Problem> Nothing but the text belongs in the answer: the listing below, copied exactly, without pictures.

Data excerpt>
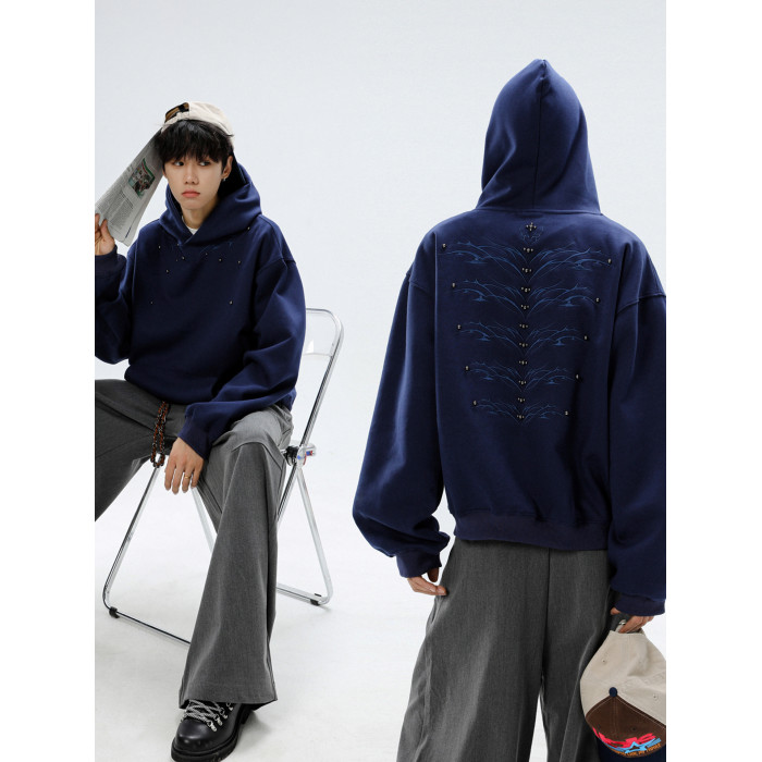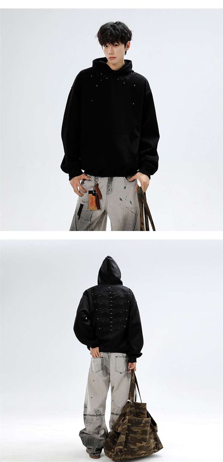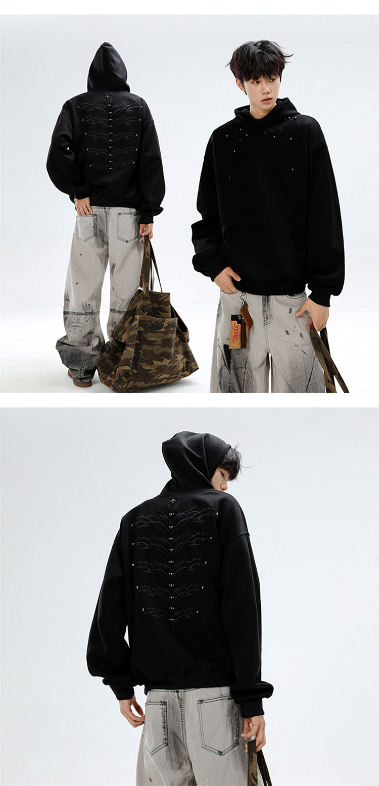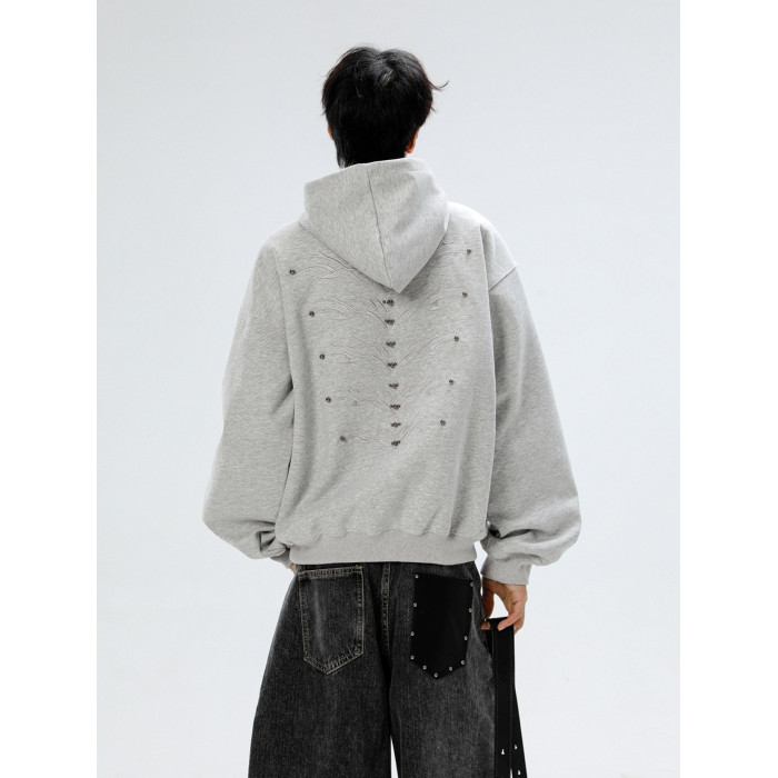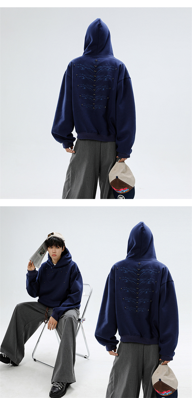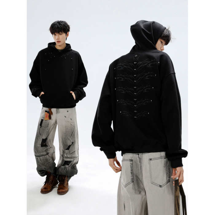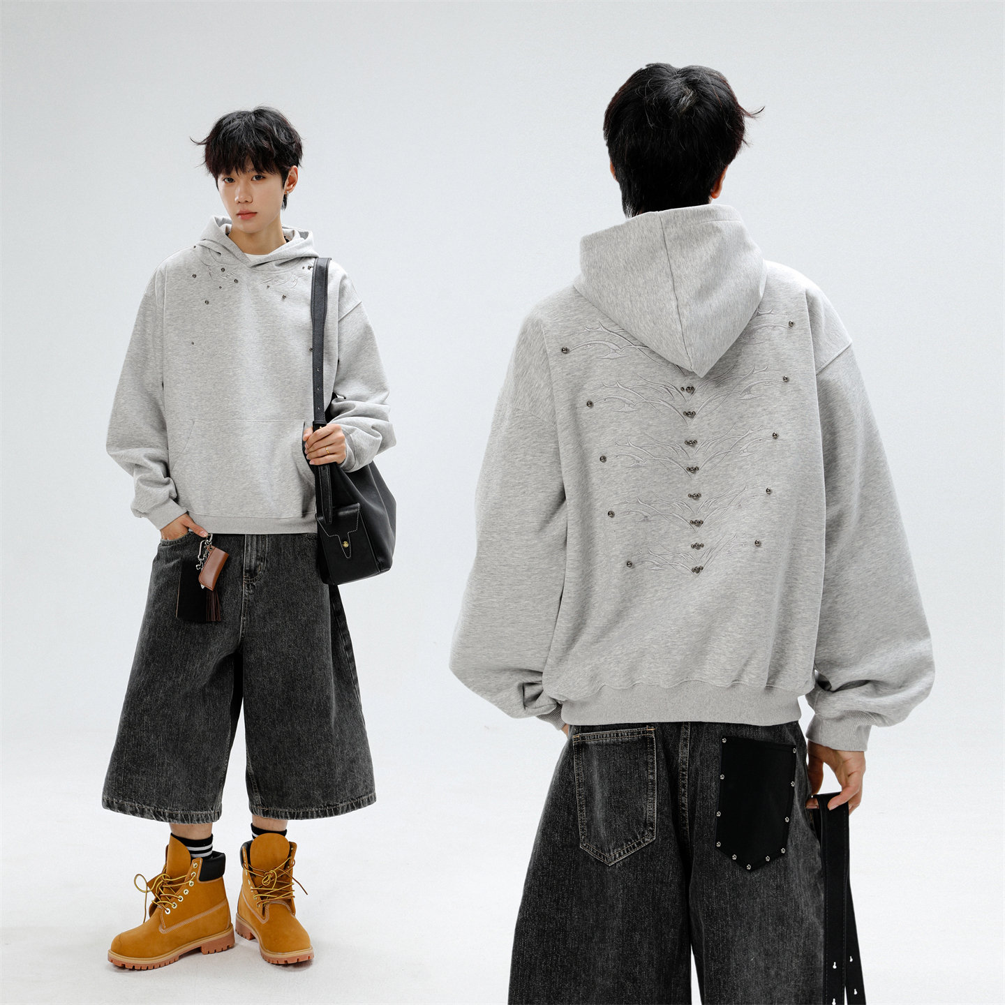 美式小衆脊骨釘珠刺綉連帽衛衣男款春秋季高街復古寬松設計感上衣
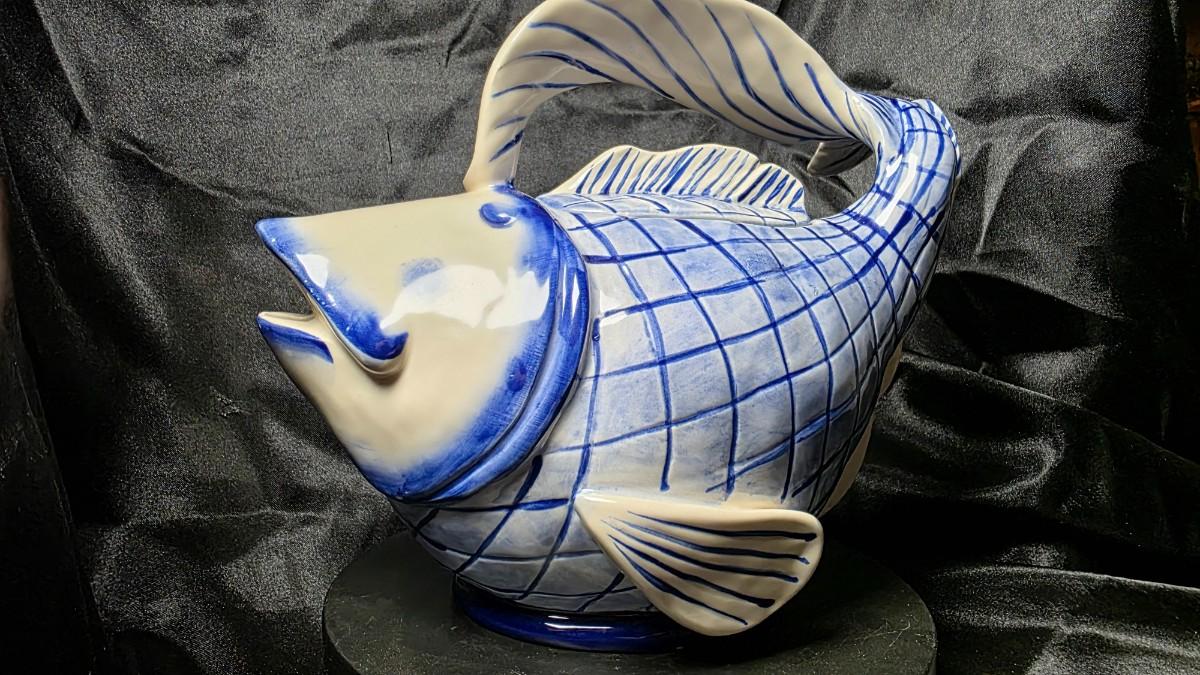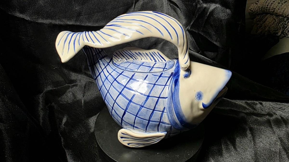 Blue Sky Clayworks Diane Fish Teapot – Hand-Painted Blue & White Ceramic Collectible
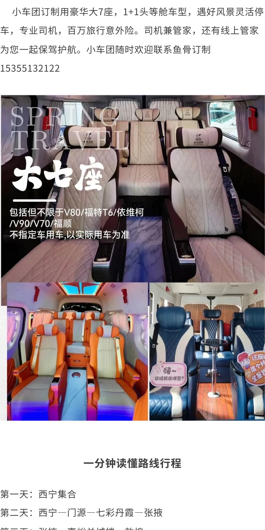 1、【交通】全程旅游用车的包车费用,同时包含每个座位的保险,全程路桥费,油费,司机食宿补贴。(15人以上自动升级成2+1保姆车)

Solution to this exercise>
 美式小衆脊骨釘珠刺綉連帽衛衣男款春秋季高街復古寬松設計感上衣
 Blue Sky Clayworks Diane Fish Teapot – Hand-Painted Blue & White Ceramic Collectible
 1、【交通】全程旅游用车的包车费用,同时包含每个座位的保险,全程路桥费,油费,司机食宿补贴。(15人以上自动升级成2+1保姆车)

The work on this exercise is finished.